I know, there are at least 10 topics in the forum with the same title. I am posting this topic as the last resource to find some answers for a few doubts regarding Silva. In advance, I will disclose that am not a big user of 16S analysis, so I beg your pardon for my naiveness.
I have been still using greengenes when I need 16S results and failed when trying to move to Silva. Now I see that greengenes is impressively outdated compared to Silva. Now I think its time for a definitive update.

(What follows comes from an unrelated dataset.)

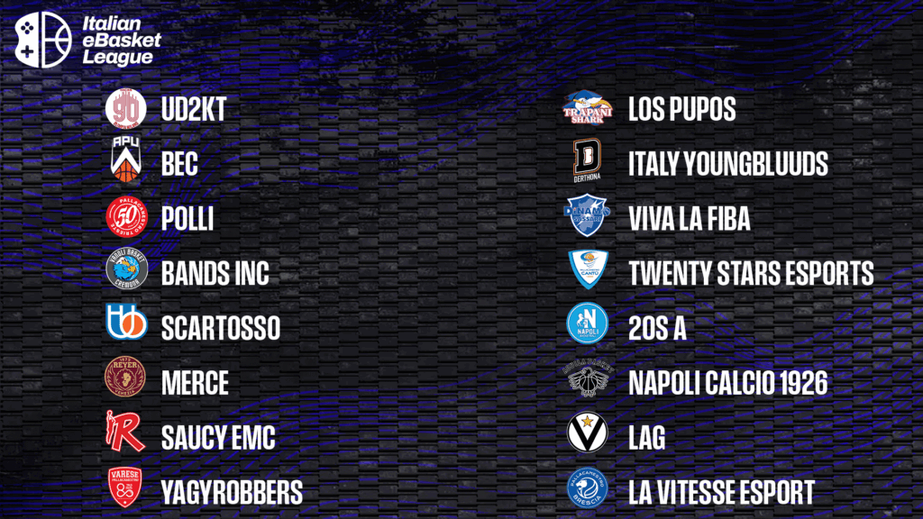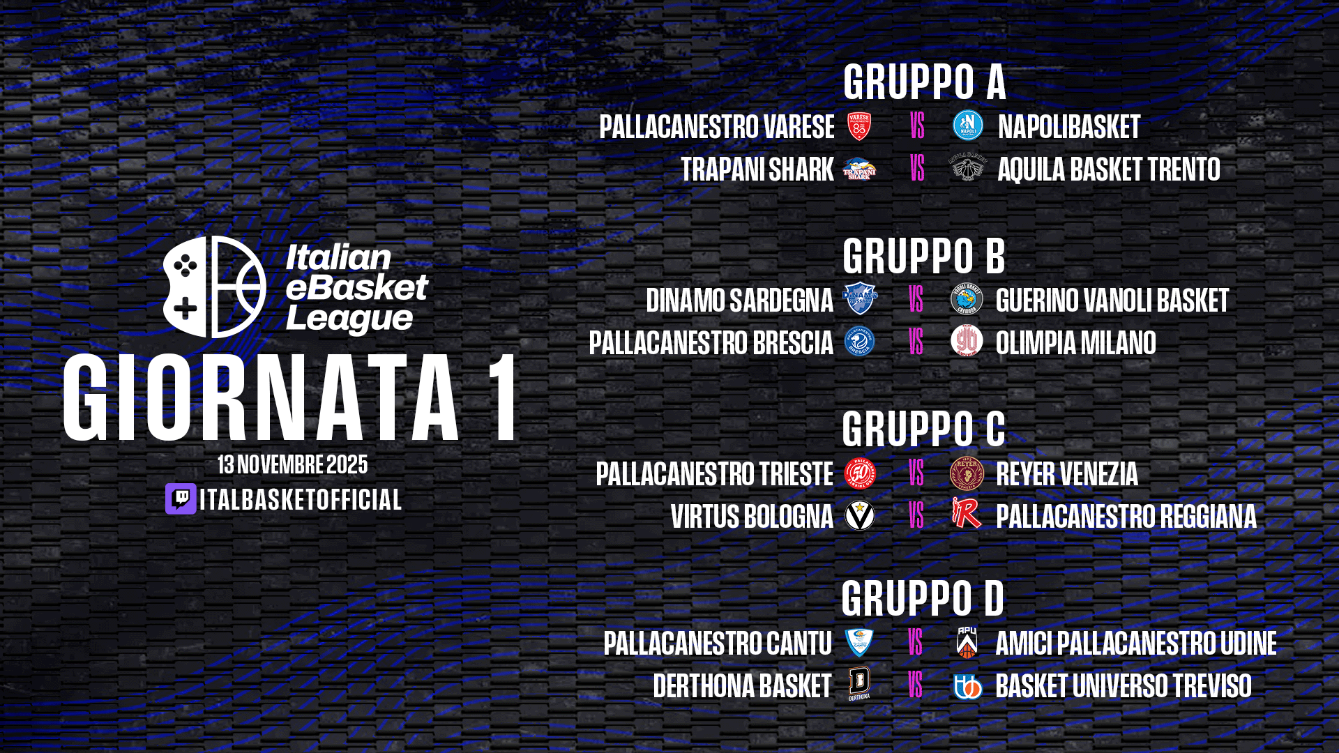 La formula. Per arrivare all’Italian eBasket League, le 16 squadre di gamers (modalità 3v3) hanno dovuto superare due turni di Qualifiers, ai quali hanno partecipato 50 teams (141 gamers). Durante il Draft Event squadre di gamers non solo sono state abbinate ai 16 club LBA, ma anche inseriti nei 4 Gironi da 4 della Regular Season. Al termine della fase a gironi (in diretta su Twitch tutti i giovedì dal 13 novembre e fino al 18 dicembre 2025), le migliori due squadre di ciascun girone si qualificheranno per il Final Event di Torino.

A few questions I couldn’t find an explanation for anywhere else:
Why does the SILVA database has Uracils instead of Thymines in their fasta sequence? am I downloading the wrong database file? I understand that this is rRNA, but sequences made from reverse transcriptase are DNA so I don’t understand why greengenes wasn’t like that. I looked for the SILVA_138_SSURef_NR99_tax_silva.fasta, which contains a non-redundant set of sequences. Does 16S software like vsearch recognize the Us as being related to the Ts? (Why just not change the Us in the database for Ts like everywhere else?)
Does Silva give a 16S database? Or is it always mixed with 18S? I find a bit annoying to have 18S sequences in the database if I am not amplifying 18S sequences. Also if I am using 16S primers and somehow get contaminating 18S OTUs due to similar sequences.
In which situations would I prefer using the align database instead of the regular fasta database? Which advantages (or downsides) do I get with the align files? I get kind of overwhelmed by thoughts just by looking at it, its a crazy one.
Thanks for all the help and sorry for your trouble.